▸ **WHAT TO DO**
Pictures do not belong in the copy; print every entry exactly as it stands.

━━━━━ SUPPLIED RECORDS ━━━━━

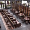 Quán cà phê thẻ đôi ghế sofa gói mềm giải trí thanh cuốn sách thương mại phục vụ bánh quán trà sữa kết hợp bàn ghế gỗ
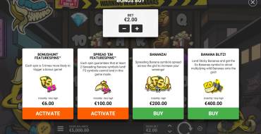 В онлайн-слоте FRKN Bananas под интерфейс выделено минимум места. Под игровым полем расположено основное меню, опции ставки и кнопки запуска вращений. Немного левее можно найти кнопку "Buy Feature". Начать игру очень просто:
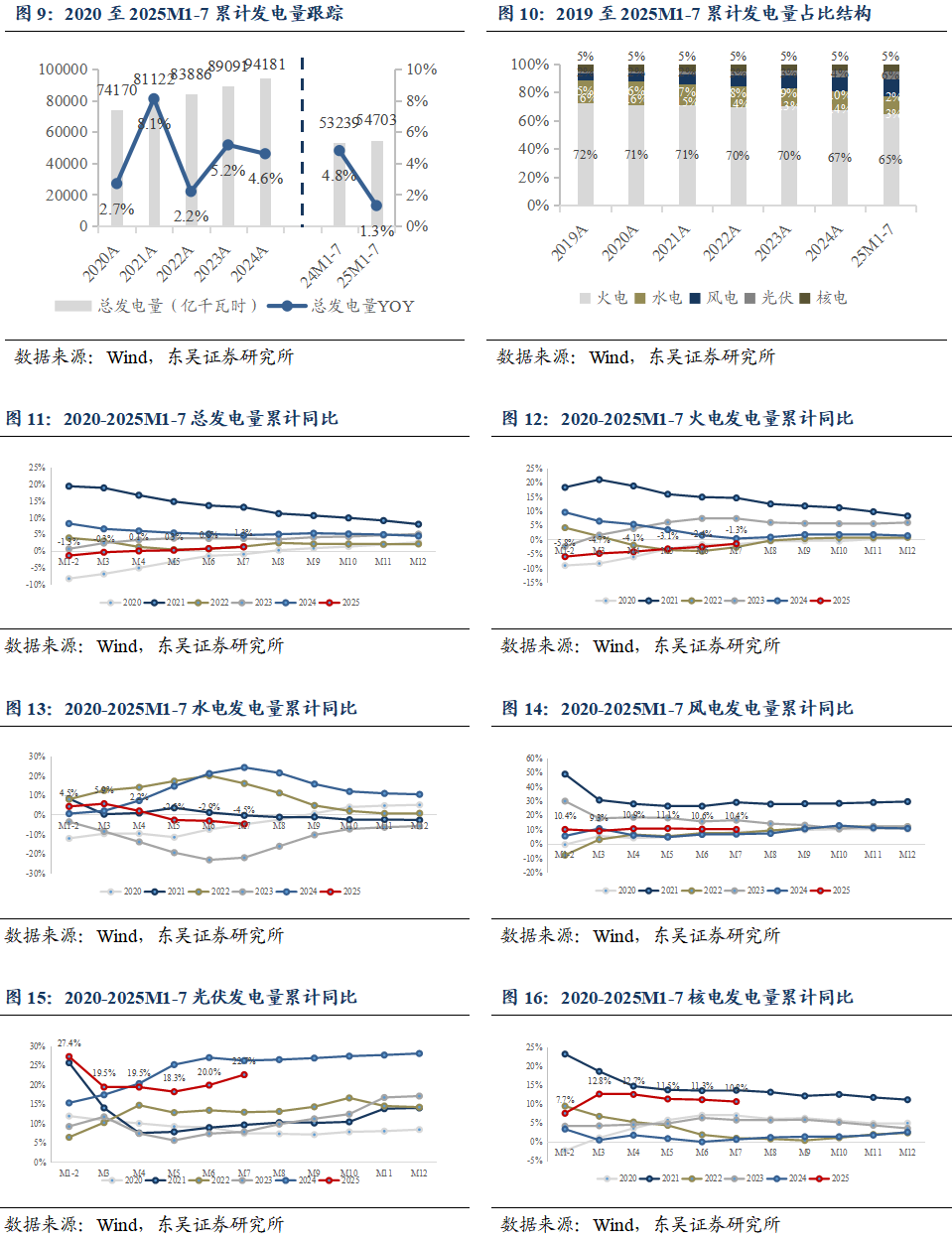 2.2.发电:2025 M1-7发电量同比+1.3%,火电恢复水电偏弱
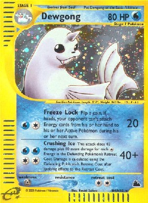 Kosten: Wirf eine Münze. Bei 'Kopf' kann dein Gegner während seines nächsten Zuges keine Energie-Karten aus seiner Hand an sein aktives Pokémon anlegen.  Schaden:
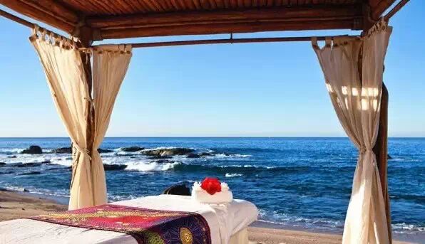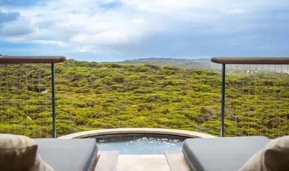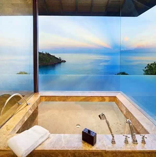 在浴缸裡可以看到大海,營造出一種浪漫的理想氛圍。最重要的是,這裡還有一個私人的超大熱水浴缸。
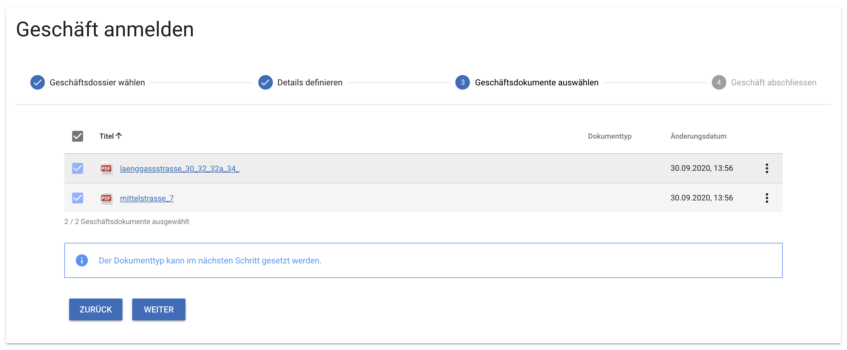 Im letzten Schritt wird eine Übersicht der getätigten Anmeldeschritte angezeigt. Zusätzlich kann in diesem Schritt der Dokumenttyp pro Dokument hinterlegt werden. Hier gilt es zu beachten, dass nur die Dokumenttypen angezeigt werden, welche auch in GEVER vorhanden sind. Falls gewünscht kann auch der Titel des Dokumentes angepasst werden.
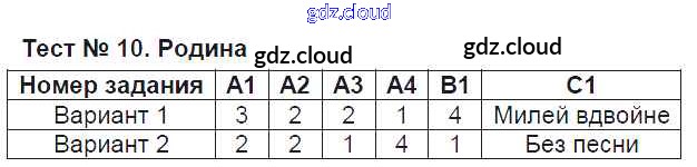 Ответ на задание Тест №10. Родина Контрольно-измерительные материалы (КИМ) Литература за 4 (четвертый) класс Кутявина 2017

━━━━━

▸ **ANSWER FOR THE TASK**
 Quán cà phê thẻ đôi ghế sofa gói mềm giải trí thanh cuốn sách thương mại phục vụ bánh quán trà sữa kết hợp bàn ghế gỗ
 В онлайн-слоте FRKN Bananas под интерфейс выделено минимум места. Под игровым полем расположено основное меню, опции ставки и кнопки запуска вращений. Немного левее можно найти кнопку "Buy Feature". Начать игру очень просто:
 2.2.发电:2025 M1-7发电量同比+1.3%,火电恢复水电偏弱
 Kosten: Wirf eine Münze. Bei 'Kopf' kann dein Gegner während seines nächsten Zuges keine Energie-Karten aus seiner Hand an sein aktives Pokémon anlegen.  Schaden:
 在浴缸裡可以看到大海,營造出一種浪漫的理想氛圍。最重要的是,這裡還有一個私人的超大熱水浴缸。
 Im letzten Schritt wird eine Übersicht der getätigten Anmeldeschritte angezeigt. Zusätzlich kann in diesem Schritt der Dokumenttyp pro Dokument hinterlegt werden. Hier gilt es zu beachten, dass nur die Dokumenttypen angezeigt werden, welche auch in GEVER vorhanden sind. Falls gewünscht kann auch der Titel des Dokumentes angepasst werden.
 Ответ на задание Тест №10. Родина Контрольно-измерительные материалы (КИМ) Литература за 4 (четвертый) класс Кутявина 2017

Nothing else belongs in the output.